— Task item —
Pull every line with "large" from the data.

++++ Dataset records

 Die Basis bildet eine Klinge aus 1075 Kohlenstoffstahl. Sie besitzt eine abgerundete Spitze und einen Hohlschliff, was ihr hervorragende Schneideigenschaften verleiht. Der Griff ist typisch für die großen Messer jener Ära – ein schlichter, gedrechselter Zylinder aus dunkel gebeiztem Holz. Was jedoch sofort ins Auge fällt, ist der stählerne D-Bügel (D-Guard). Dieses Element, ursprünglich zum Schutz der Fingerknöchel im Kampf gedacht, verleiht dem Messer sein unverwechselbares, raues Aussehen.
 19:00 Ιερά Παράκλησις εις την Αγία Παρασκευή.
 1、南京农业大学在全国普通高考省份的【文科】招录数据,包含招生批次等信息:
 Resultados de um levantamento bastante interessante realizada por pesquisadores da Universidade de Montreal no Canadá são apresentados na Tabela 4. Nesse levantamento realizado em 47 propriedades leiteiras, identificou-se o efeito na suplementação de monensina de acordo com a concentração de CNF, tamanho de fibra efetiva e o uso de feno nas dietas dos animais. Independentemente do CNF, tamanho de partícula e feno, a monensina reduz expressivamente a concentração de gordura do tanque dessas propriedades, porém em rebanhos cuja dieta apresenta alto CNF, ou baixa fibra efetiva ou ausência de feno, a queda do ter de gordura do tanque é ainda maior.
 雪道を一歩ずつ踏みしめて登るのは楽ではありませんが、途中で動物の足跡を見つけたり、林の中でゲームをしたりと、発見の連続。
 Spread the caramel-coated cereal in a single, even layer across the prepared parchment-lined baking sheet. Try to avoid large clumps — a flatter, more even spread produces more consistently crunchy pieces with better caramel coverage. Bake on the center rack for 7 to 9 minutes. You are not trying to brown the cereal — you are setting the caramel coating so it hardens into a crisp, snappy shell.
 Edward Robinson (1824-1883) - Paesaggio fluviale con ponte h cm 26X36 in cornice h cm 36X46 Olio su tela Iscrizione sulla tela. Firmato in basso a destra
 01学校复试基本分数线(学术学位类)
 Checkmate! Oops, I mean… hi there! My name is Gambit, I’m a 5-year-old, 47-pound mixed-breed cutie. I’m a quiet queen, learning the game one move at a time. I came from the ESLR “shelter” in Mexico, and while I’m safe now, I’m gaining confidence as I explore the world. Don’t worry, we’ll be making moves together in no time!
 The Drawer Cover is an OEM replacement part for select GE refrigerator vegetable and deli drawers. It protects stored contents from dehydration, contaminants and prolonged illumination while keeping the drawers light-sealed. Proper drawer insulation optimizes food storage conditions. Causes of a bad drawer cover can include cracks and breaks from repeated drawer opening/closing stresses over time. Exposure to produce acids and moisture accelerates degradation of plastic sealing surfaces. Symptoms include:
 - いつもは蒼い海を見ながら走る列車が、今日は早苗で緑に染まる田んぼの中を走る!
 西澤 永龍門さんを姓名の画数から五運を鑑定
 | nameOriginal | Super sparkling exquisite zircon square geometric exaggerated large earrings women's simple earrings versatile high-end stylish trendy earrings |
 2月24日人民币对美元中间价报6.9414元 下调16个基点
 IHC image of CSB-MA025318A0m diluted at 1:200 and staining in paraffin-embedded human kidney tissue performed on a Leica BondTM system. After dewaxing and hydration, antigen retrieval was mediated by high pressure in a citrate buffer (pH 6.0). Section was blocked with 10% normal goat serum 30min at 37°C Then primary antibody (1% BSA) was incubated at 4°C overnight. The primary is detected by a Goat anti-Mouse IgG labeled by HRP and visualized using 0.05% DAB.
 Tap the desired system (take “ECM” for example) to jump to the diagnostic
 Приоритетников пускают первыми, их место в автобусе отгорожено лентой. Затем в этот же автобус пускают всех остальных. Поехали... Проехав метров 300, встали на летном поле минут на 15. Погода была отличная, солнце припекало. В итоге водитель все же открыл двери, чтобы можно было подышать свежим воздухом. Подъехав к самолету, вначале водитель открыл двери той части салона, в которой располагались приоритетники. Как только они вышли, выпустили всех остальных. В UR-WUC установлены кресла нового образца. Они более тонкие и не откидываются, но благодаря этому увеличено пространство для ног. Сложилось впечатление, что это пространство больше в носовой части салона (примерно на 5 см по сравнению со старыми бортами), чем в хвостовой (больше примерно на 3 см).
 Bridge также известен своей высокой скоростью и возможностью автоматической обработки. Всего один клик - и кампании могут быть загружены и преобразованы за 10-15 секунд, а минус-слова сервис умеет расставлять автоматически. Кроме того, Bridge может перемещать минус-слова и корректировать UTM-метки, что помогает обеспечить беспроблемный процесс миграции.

++++++++

— Response below —
 Spread the caramel-coated cereal in a single, even layer across the prepared parchment-lined baking sheet. Try to avoid large clumps — a flatter, more even spread produces more consistently crunchy pieces with better caramel coverage. Bake on the center rack for 7 to 9 minutes. You are not trying to brown the cereal — you are setting the caramel coating so it hardens into a crisp, snappy shell.
 | nameOriginal | Super sparkling exquisite zircon square geometric exaggerated large earrings women's simple earrings versatile high-end stylish trendy earrings |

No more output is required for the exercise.